* [Instructions for the task]
Print the listing below word for word, but drop any pictures it contains.

* [Data provided]
===============
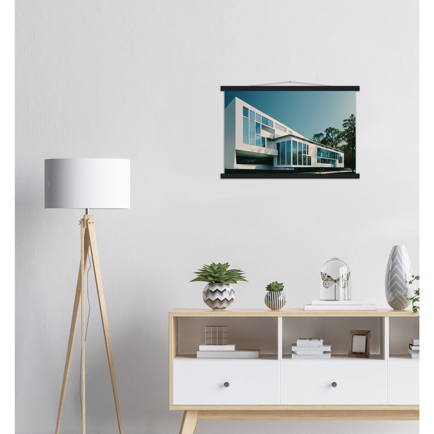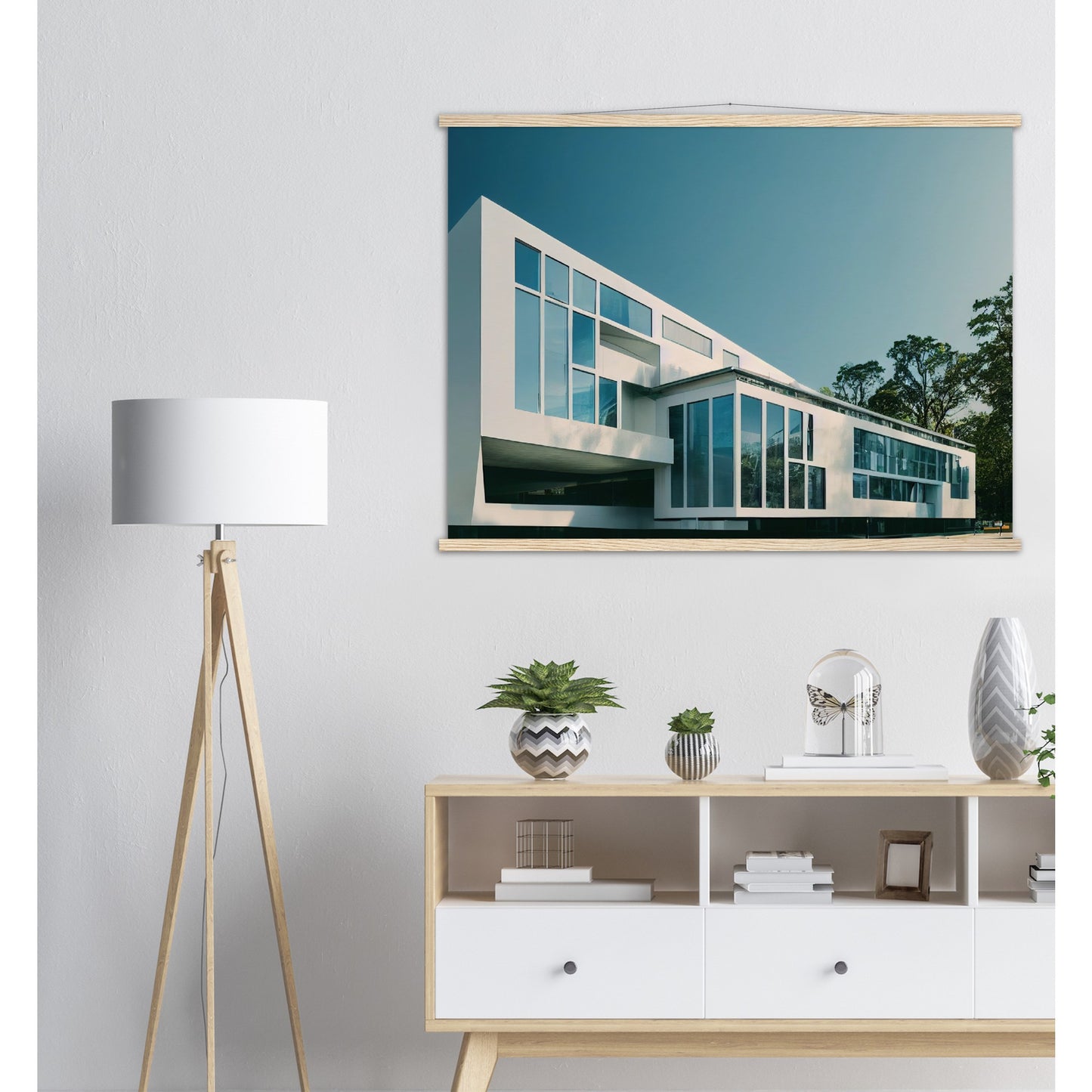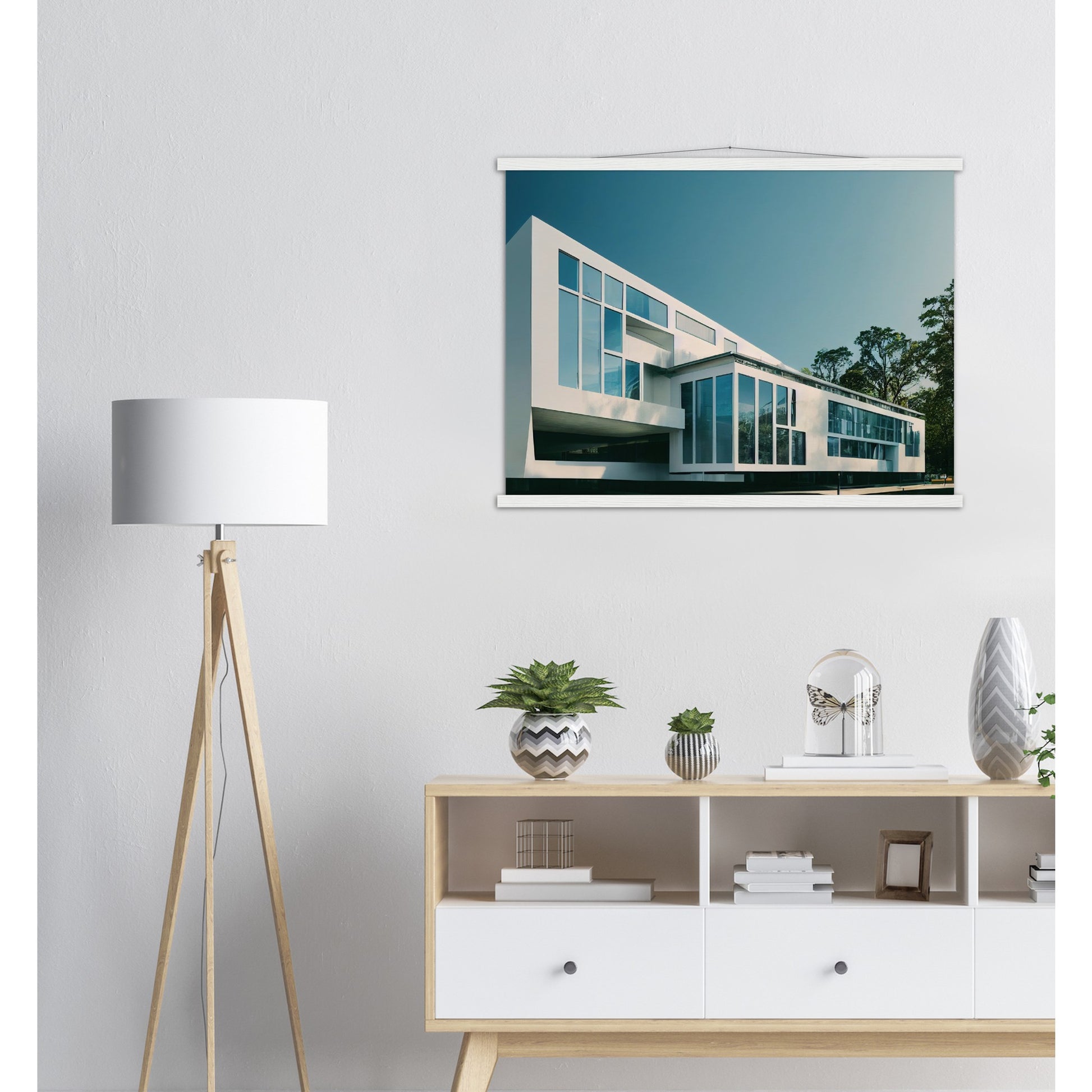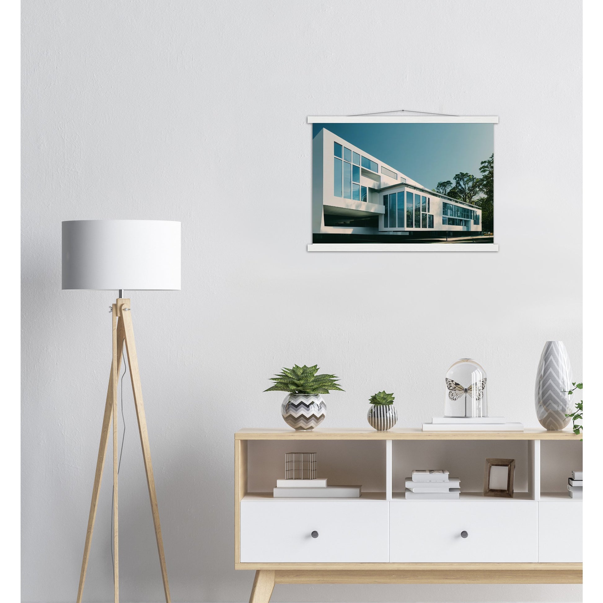 ¡Bienvenido al mundo de la arquitectura! Este diseño muestra un edificio moderno y espacioso con una fachada blanca y un frente de ventana grande. La propiedad se encuentra en una propiedad similar a un parque y podría ser una galería de arte o una oficina moderna. Si te decides por esta pieza de arte mural, no solo demuestras que tienes un excelente gusto en arquitectura, sino que también obtienes una pieza única en tus cuatro paredes. Esta pieza de arte mural está disponible exclusivamente a través de nosotros y está disponible como póster, con y sin tiras, en un marco de imagen o como pintura acrílica en varios tamaños. Combínalo con otra imagen arquitectónica y lleva a tus visitantes a un viaje por el mundo de los edificios modernos.
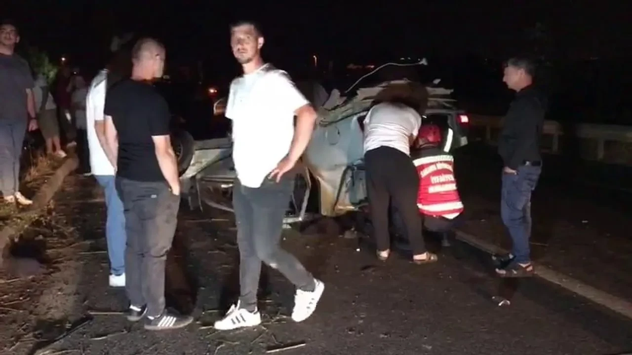 Tek taraflı gerçekleşen kazada otomobil ağır hasar aldı. Yaralılar ilk müdahalenin ardından hastaneye sevk edildi.
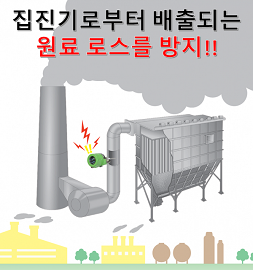 ※ 더스트 모니터의 3가지 장점 : 1) 백필터 파손으로 인한 원료 손실 절감 ▶ 생산성 향상 2) 소모품인 백필터의 교환시기의 적정화 ▶정비비 절감 3) 누출 사고로 인한 대기 방산 방지 ▶ 환경 대책
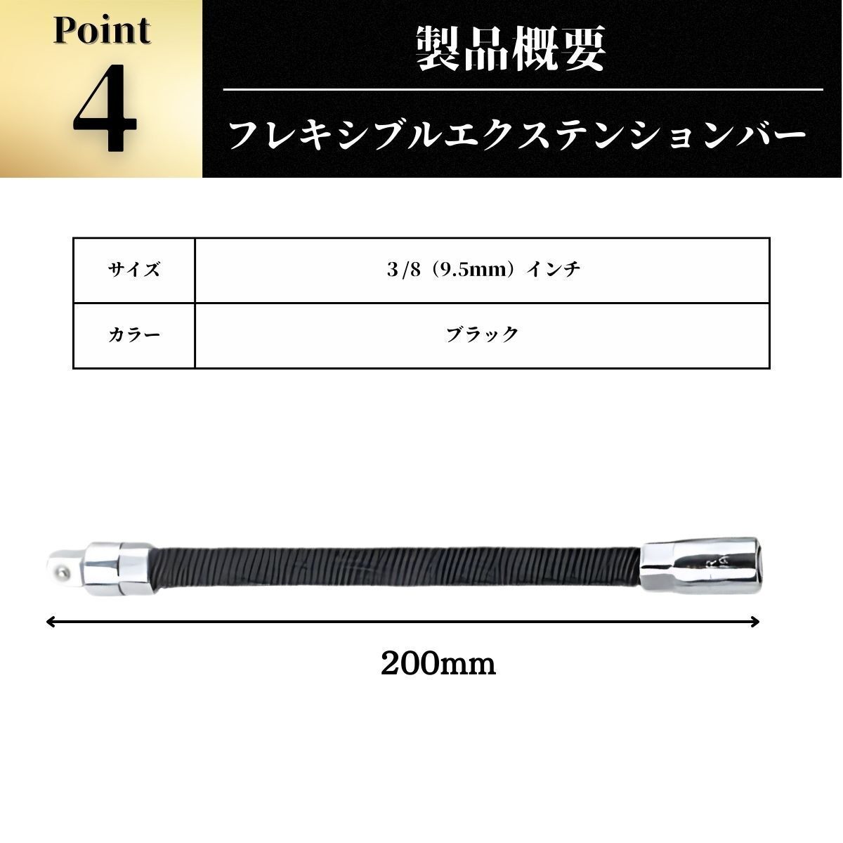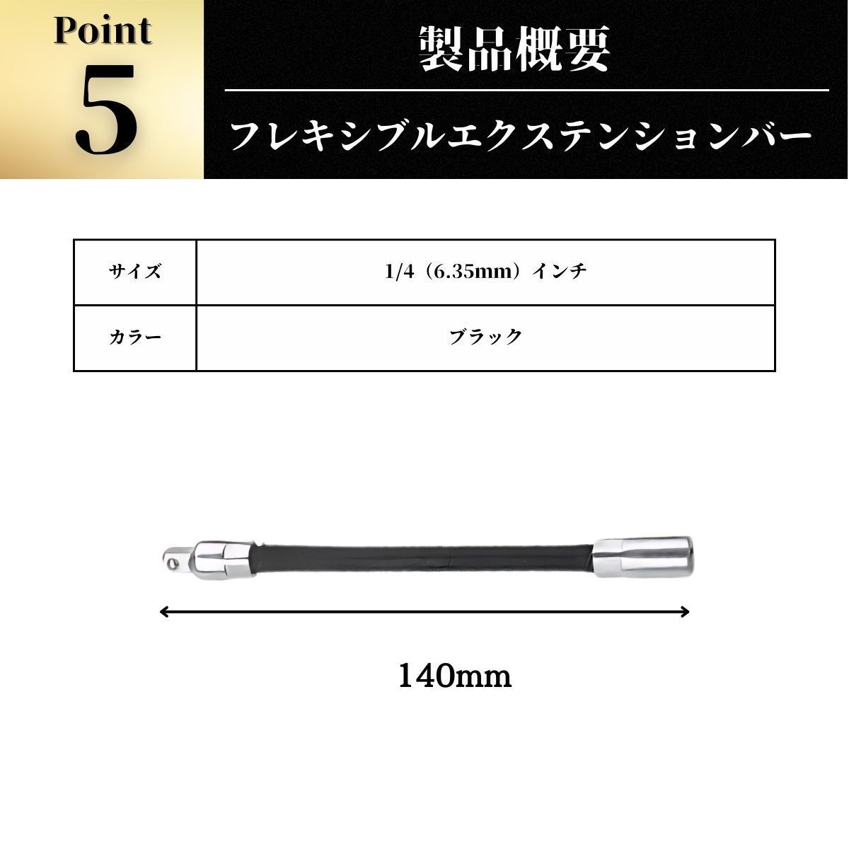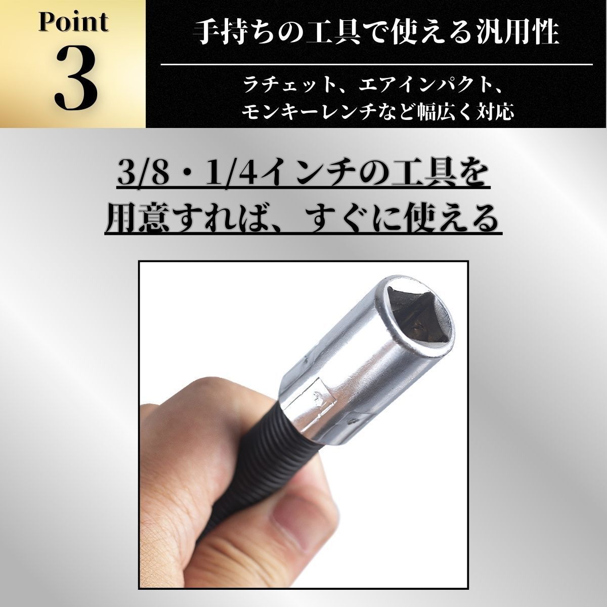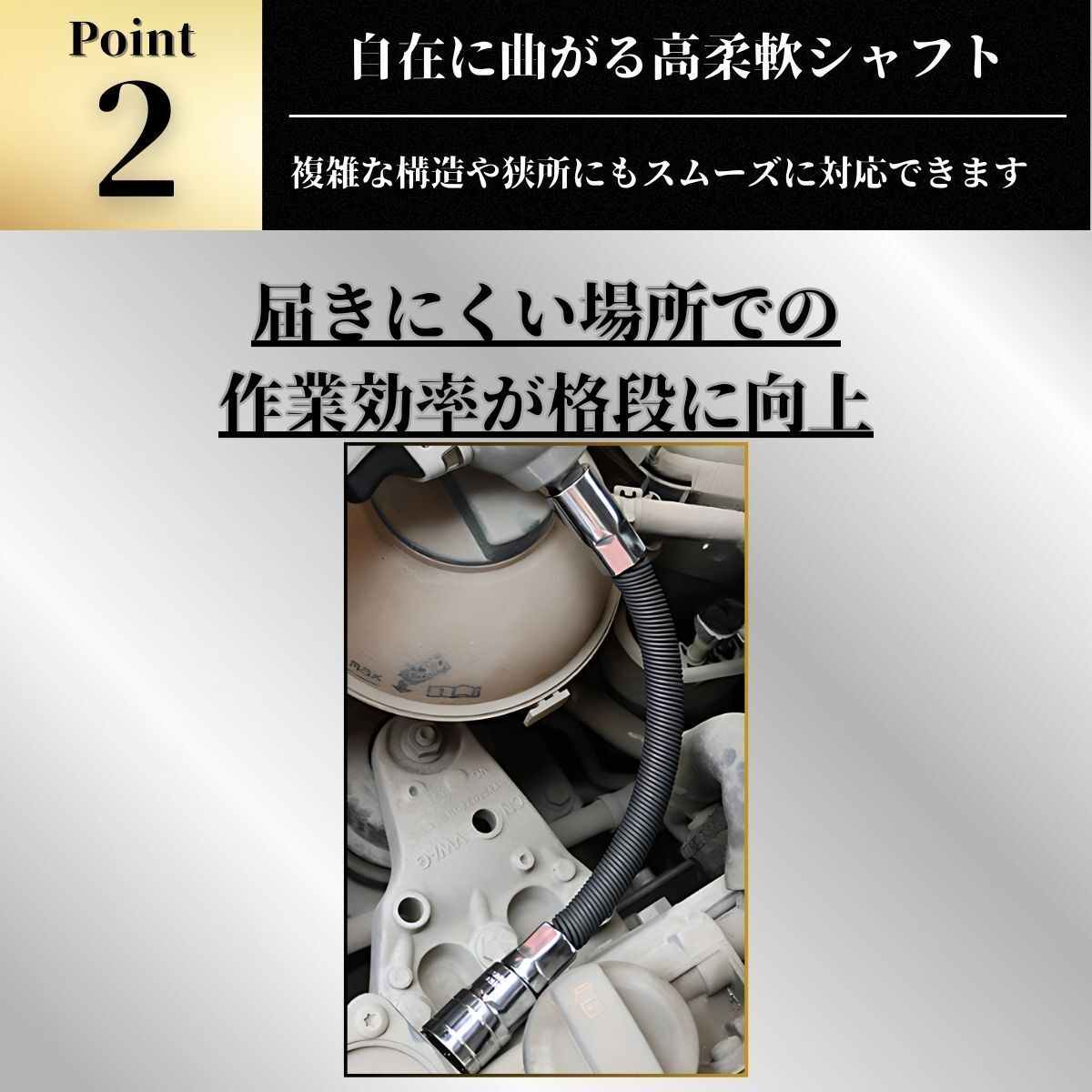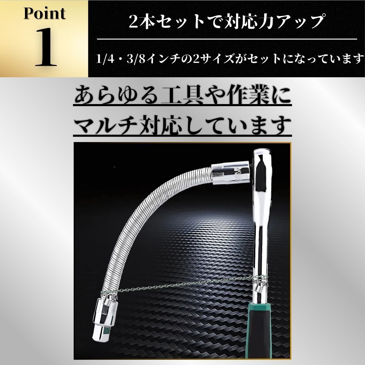 2種類のサイズ(1/4インチ・3/8インチ)がセットになっており、さまざまな電動ドリルやレンチに対応可能。柔軟なシャフトは自由な角度に曲げることができ、複雑な構造の機械や自動車エンジン周辺でもスムーズな作業が行えます。
===============
* [Answer for the task]
 ¡Bienvenido al mundo de la arquitectura! Este diseño muestra un edificio moderno y espacioso con una fachada blanca y un frente de ventana grande. La propiedad se encuentra en una propiedad similar a un parque y podría ser una galería de arte o una oficina moderna. Si te decides por esta pieza de arte mural, no solo demuestras que tienes un excelente gusto en arquitectura, sino que también obtienes una pieza única en tus cuatro paredes. Esta pieza de arte mural está disponible exclusivamente a través de nosotros y está disponible como póster, con y sin tiras, en un marco de imagen o como pintura acrílica en varios tamaños. Combínalo con otra imagen arquitectónica y lleva a tus visitantes a un viaje por el mundo de los edificios modernos.
 Tek taraflı gerçekleşen kazada otomobil ağır hasar aldı. Yaralılar ilk müdahalenin ardından hastaneye sevk edildi.
 ※ 더스트 모니터의 3가지 장점 : 1) 백필터 파손으로 인한 원료 손실 절감 ▶ 생산성 향상 2) 소모품인 백필터의 교환시기의 적정화 ▶정비비 절감 3) 누출 사고로 인한 대기 방산 방지 ▶ 환경 대책
 2種類のサイズ(1/4インチ・3/8インチ)がセットになっており、さまざまな電動ドリルやレンチに対応可能。柔軟なシャフトは自由な角度に曲げることができ、複雑な構造の機械や自動車エンジン周辺でもスムーズな作業が行えます。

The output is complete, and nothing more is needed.